JCCNetwork.id— Pelaku pasar menilai penyampaian RAPBN 2027 tidak cukup hanya berisi target pertumbuhan ekonomi, defisit fiskal, dan asumsi makro.
Investor juga menunggu gambaran menyeluruh mengenai arah kebijakan ekonomi pemerintah untuk menghadapi tantangan domestik dan global.
Kepala Ekonom Trimegah Sekuritas Indonesia Fakhrul Fulvian mengatakan, perhatian pasar terhadap RAPBN 2027 tahun ini lebih tertuju pada strategi pemerintah dibandingkan sekadar angka-angka dalam anggaran.
“Dalam kondisi normal, pasar biasanya fokus pada angka defisit, target pertumbuhan, atau asumsi makro. Namun tahun ini berbeda,” kata Fakhrul di Jakarta, Kamis (13/8/2026).
Menurut dia, sejumlah parameter utama RAPBN 2027 sebenarnya telah diketahui pasar.
Pemerintah dan DPR menyepakati target pertumbuhan ekonomi 2027 dalam rentang 5,8 persen hingga 6,5 persen.
Sementara itu, defisit fiskal dipatok 1,8 persen hingga 2,4 persen terhadap Produk Domestik Bruto (PDB), dengan asumsi nilai tukar rupiah sebesar Rp16.800-Rp17.500 per dolar AS.
Dengan kondisi tersebut, investor kini menunggu penjelasan pemerintah mengenai arah kebijakan fiskal dan moneter, pola pembiayaan pembangunan, serta strategi Indonesia menghadapi perubahan ekonomi global.
Fakhrul menyebut terdapat empat isu utama yang menjadi perhatian pasar.
Pertama, investor ingin mengetahui apakah RAPBN 2027 akan diarahkan sebagai tahap konsolidasi setelah gejolak ekonomi 2026 atau menjadi pijakan untuk mempercepat ekspansi pembangunan.

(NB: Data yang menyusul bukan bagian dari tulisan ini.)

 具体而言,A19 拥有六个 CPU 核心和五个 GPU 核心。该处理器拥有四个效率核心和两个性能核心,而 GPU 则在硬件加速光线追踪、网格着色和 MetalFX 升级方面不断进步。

Kedua, pasar membutuhkan kejelasan mengenai pembagian peran antara APBN, Badan Usaha Milik Negara (BUMN), Danantara, dan sektor keuangan dalam mendukung pembiayaan pembangunan nasional.
Ketiga, pemerintah dinilai perlu menunjukkan strategi untuk mengurangi ketergantungan terhadap arus modal portofolio jangka pendek.

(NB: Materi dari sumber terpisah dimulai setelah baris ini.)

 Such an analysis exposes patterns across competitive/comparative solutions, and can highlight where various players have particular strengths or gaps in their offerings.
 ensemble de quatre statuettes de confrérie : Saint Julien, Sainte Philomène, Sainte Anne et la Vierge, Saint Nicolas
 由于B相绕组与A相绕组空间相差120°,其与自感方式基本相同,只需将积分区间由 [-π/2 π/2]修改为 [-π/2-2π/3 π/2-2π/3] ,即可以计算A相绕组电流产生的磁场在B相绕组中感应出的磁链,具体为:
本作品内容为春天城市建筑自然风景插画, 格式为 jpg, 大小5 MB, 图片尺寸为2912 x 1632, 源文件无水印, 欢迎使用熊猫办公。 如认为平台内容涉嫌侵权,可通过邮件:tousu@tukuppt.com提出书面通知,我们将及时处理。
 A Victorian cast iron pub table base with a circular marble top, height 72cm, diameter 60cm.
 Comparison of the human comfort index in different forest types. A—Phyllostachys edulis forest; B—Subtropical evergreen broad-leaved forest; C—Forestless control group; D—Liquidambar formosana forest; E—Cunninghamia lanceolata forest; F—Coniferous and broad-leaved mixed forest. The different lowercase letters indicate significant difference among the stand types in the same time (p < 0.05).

Stabilitas pasar keuangan sepanjang 2026 dinilai menjadi modal penting, tetapi pemerintah masih perlu memperkuat sumber pembiayaan yang lebih berkelanjutan.
Keberhasilan menjaga stabilitas pasar keuangan sepanjang tahun ini merupakan pencapaian yang penting, namun tantangan berikutnya adalah membangun sumber pembiayaan yang lebih permanen melalui investasi langsung, industrialisasi, dan penguatan neraca pembayaran,jelasnya.
Keempat, investor mencermati kesiapan pemerintah menghadapi perubahan ekonomi global, terutama kecenderungan kenaikan biaya modal jangka panjang.
Menurut Fakhrul, kondisi tersebut berpotensi memengaruhi strategi pembiayaan pembangunan Indonesia dalam beberapa tahun mendatang.
Karena itu, pidato Presiden Prabowo Subianto dalam penyampaian RAPBN 2027 menjadi salah satu agenda komunikasi kebijakan yang paling dinantikan pelaku pasar sepanjang 2026.
Fakhrul menilai Nota Keuangan akan menjadi acuan bagi investor dalam membaca arah kebijakan pemerintah.
Pasar tidak hanya akan mencermati besaran anggaran, tetapi juga konsistensi dan keyakinan pemerintah dalam menjalankan strategi ekonomi nasional.
“Nota Keuangan juga berfungsi sebagai expectation guidance bagi pasar keuangan. Investor akan menilai bukan hanya angka yang disampaikan, tetapi juga arah, konsistensi, dan keyakinan yang ditunjukkan pemerintah terhadap strategi ekonomi Indonesia ke depan,” tuturnya.